What the task asks:
Would you repeat the listing exactly but omit every picture?

Data segment:
########################################

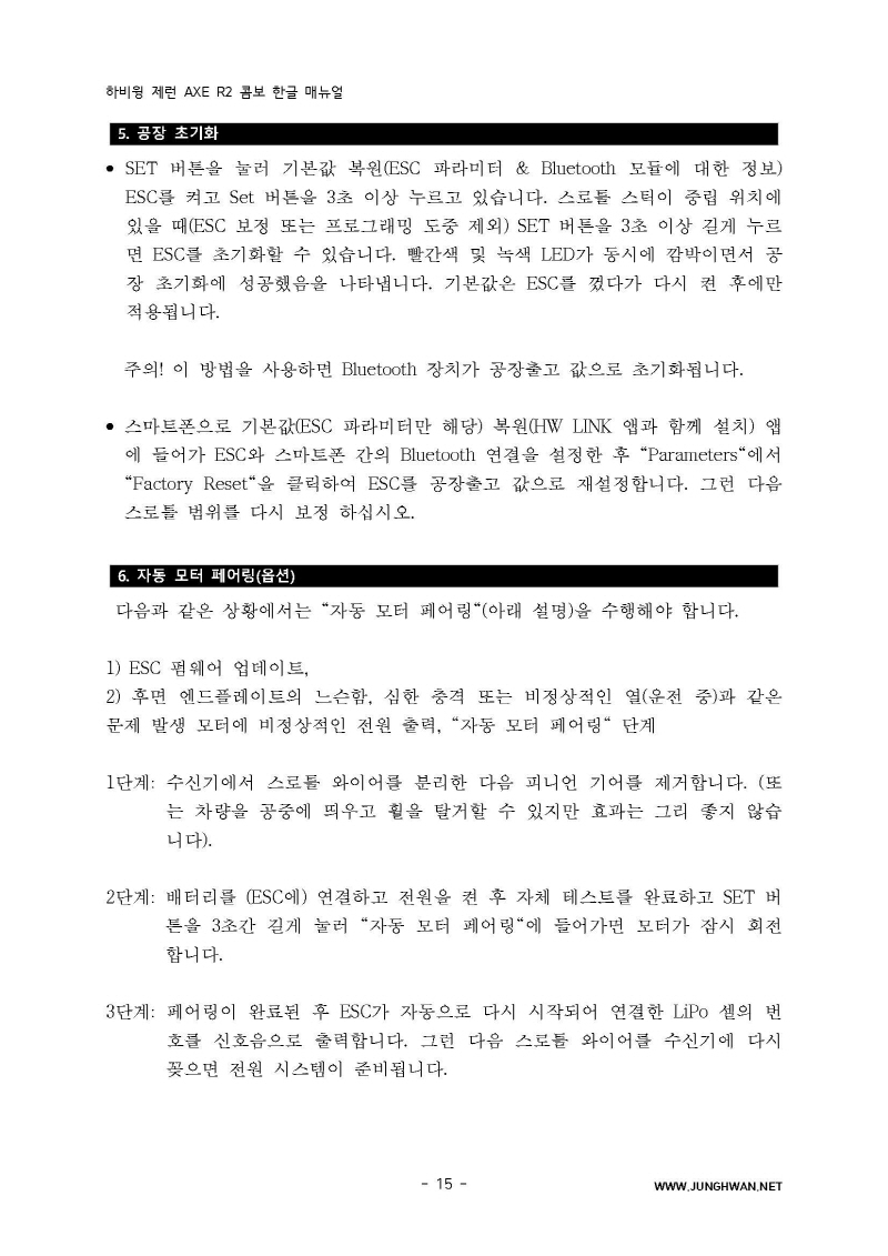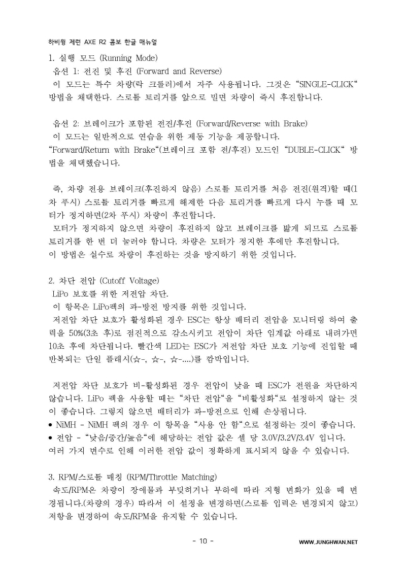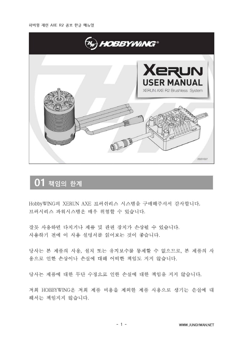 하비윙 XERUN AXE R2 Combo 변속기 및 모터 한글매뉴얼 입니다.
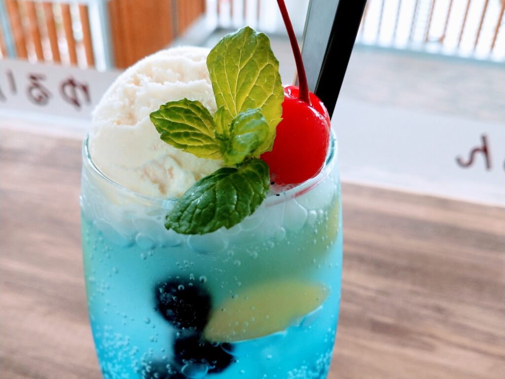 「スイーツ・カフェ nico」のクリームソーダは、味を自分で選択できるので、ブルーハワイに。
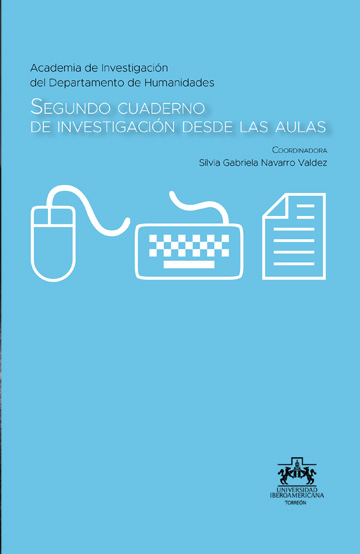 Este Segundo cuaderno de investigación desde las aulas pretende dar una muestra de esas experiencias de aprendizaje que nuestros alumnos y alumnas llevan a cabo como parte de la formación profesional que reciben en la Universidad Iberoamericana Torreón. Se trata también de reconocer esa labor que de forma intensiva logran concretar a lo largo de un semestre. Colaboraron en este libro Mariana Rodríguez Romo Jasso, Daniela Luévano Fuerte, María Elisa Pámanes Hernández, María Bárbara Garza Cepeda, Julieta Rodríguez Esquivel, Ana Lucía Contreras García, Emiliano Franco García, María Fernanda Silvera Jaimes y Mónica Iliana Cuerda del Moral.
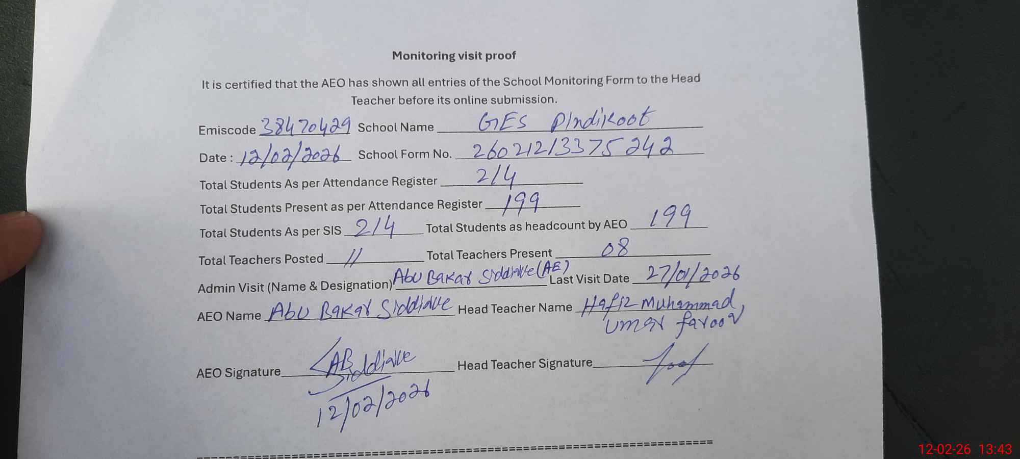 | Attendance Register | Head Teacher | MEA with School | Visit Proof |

########################################

Response:
 하비윙 XERUN AXE R2 Combo 변속기 및 모터 한글매뉴얼 입니다.
 「スイーツ・カフェ nico」のクリームソーダは、味を自分で選択できるので、ブルーハワイに。
 Este Segundo cuaderno de investigación desde las aulas pretende dar una muestra de esas experiencias de aprendizaje que nuestros alumnos y alumnas llevan a cabo como parte de la formación profesional que reciben en la Universidad Iberoamericana Torreón. Se trata también de reconocer esa labor que de forma intensiva logran concretar a lo largo de un semestre. Colaboraron en este libro Mariana Rodríguez Romo Jasso, Daniela Luévano Fuerte, María Elisa Pámanes Hernández, María Bárbara Garza Cepeda, Julieta Rodríguez Esquivel, Ana Lucía Contreras García, Emiliano Franco García, María Fernanda Silvera Jaimes y Mónica Iliana Cuerda del Moral.
 | Attendance Register | Head Teacher | MEA with School | Visit Proof |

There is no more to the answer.